Towering nearly as high as the Washington Monument with an average rotor diameter 12 times as tall as a telephone pole, wind turbines are getting bigger.
That could bode well when it comes to capturing more energy, considering winds typically increase as altitudes rise.
A U.S. Department of Energy report, prepared by the Lawrence Berkeley National Laboratory, shows the average tip height—from the ground to blade tip extended directly overhead—for land-based wind turbines was just under 520 ft (158 m) in 2021. That could rise to 643 ft (196 m) based on proposed turbines in the Federal Aviation Administration’s (FAA) permitting process.
“To optimize project cost and performance, and thus minimize overall cost of energy, turbines continue to grow in size,” according to the report. “The average rated [nameplate] capacity of newly installed wind turbines in the United States in 2021 was 3.0 MW, up 9% from the previous year and 319% since 1998−1999.”
The growth contributed to record production of wind power, which accounted for 32% of U.S. energy capacity growth in the 2021, the Energy Department said in August. Energy generated was enough to power 40 million homes. More than 13,400 MW of new utility-scale land-based wind generation capacity added last year, representing $20 billion in new wind power investment.
The report, part of a trilogy that included reports on offshore wind and distributed wind markets, was released as the U.S. aims to reduce emissions by turning to cleaner forms of energy. Its release also followed passage of the Inflation Reduction Act, which extends the production tax credit for wind for at least 10 years and incentivizes new wind developments and advanced technology.
“These reports show U.S. wind energy deployment and generating capacity are booming—delivering cheap, reliable and clean energy to power even more American homes and businesses,” U.S. Secretary of Energy Jennifer M. Granholm said Aug. 16. “The rapid technological and industrial advances in the domestic wind sector are creating new jobs for the clean energy workforce and assuring wind power’s critical role in achieving President Biden’s climate and decarbonization goals.”

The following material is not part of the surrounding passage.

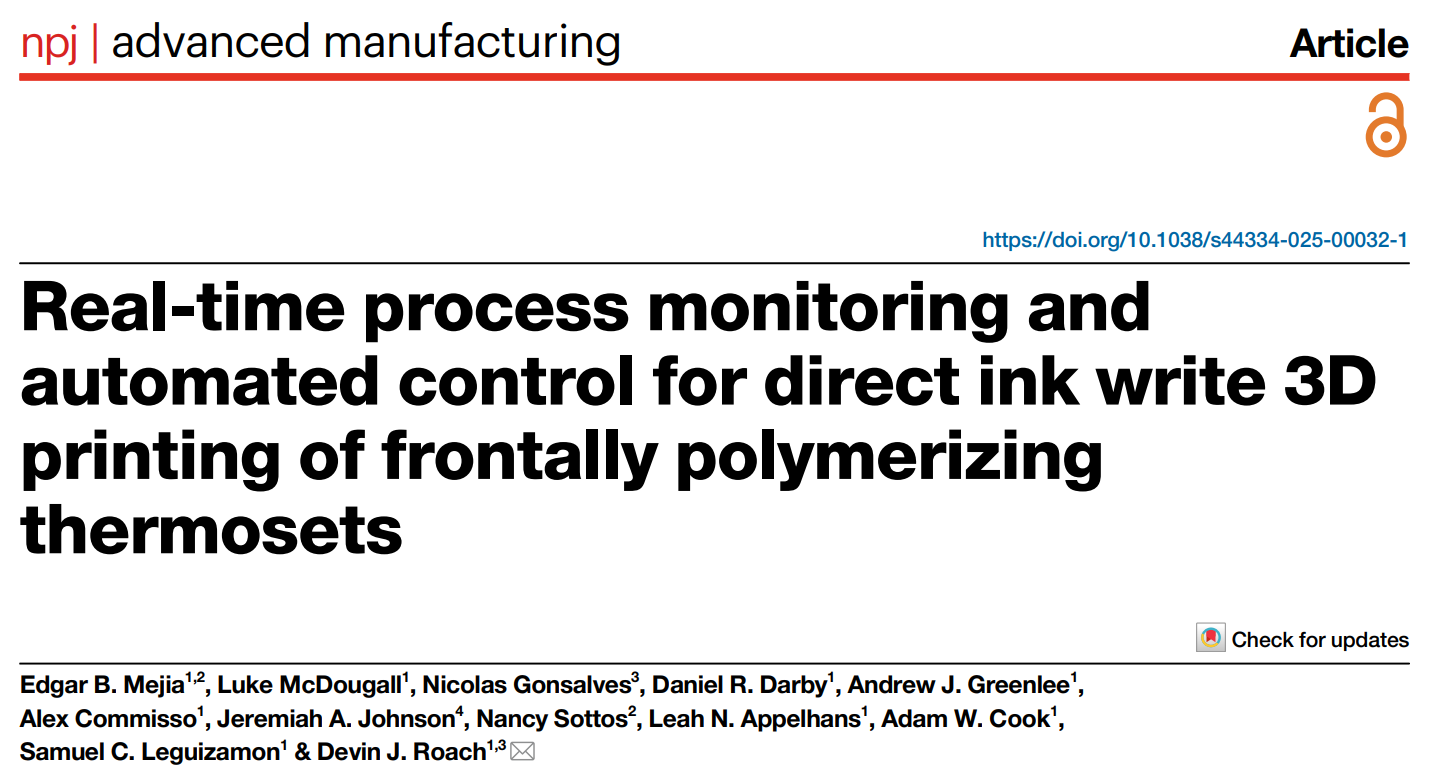 这项突破性进展最近以题为“Real-time processmonitoring and automated control for direct ink write 3D printing of frontallypolymerizing thermosets”的论文发表在《npj AdvancedManufacturing》。研究引入了一种实时过程监控和自动控制系统,可以解决这种复杂性,有望提高 DIW 打印热固性部件的保真度和功能性能。

The land-based wind sector is expected to continue seeing taller turbines in the near future, according to the report.
In the last 24 or so years, the average hub height—distance from the ground to the middle of the turbine rotor—has increased by 66%. It rose 4% in 2021 compared to a year earlier.
Jumping 164% in the last two decades, average rotor diameters also have grown significantly. Rotor diameters inched up 2% on average in 2021 to about 418 ft (127 m), allowing turbines to sweep more area to capture more wind for electricity production.
“Trends in rotor scaling in particular, but also hub height, are two of several factors impacting the project-level capacity factors,” according to the report. “The percentage of turbines with hub heights larger than 100 meters increased in 2021, to 28%—up from just 15% in 2020. Finally, the steady progression toward larger rotors continued. In 2011, no turbines employed rotors that were 115 meters [337 ft] in diameter or larger, while 89% of newly installed turbines featured such rotors in 2021 (and 23% of those were at least 130 meters).”
Longer blades enable more wind to be captured, even if the area is typically less windy, according to the Officer of Energy Efficiency & Renewable Energy.
Wind turbines are being deployed in lower wind speed areas, another tech trend highlighted in the report. In 2021, sites had an estimated average long-term wind speed of 8 meters per second at a height of 100 meters aboveground, marking the lowest average speed among new projects in the last eight years. The trend is likely to continue based on FAA and industry data for projects being developed.
“Increasing hub heights help to partially offset these trends, enabling turbines to access higher wind speeds,” the report stated.
Bigger is not necessarily always better. Transporting and installing large turbines and towers can be challenging. Research efforts are underway, however, to improve transportation limitations, targeting more slender and flexible blades and turbine towers that can be assembled onsite, according to the energy department.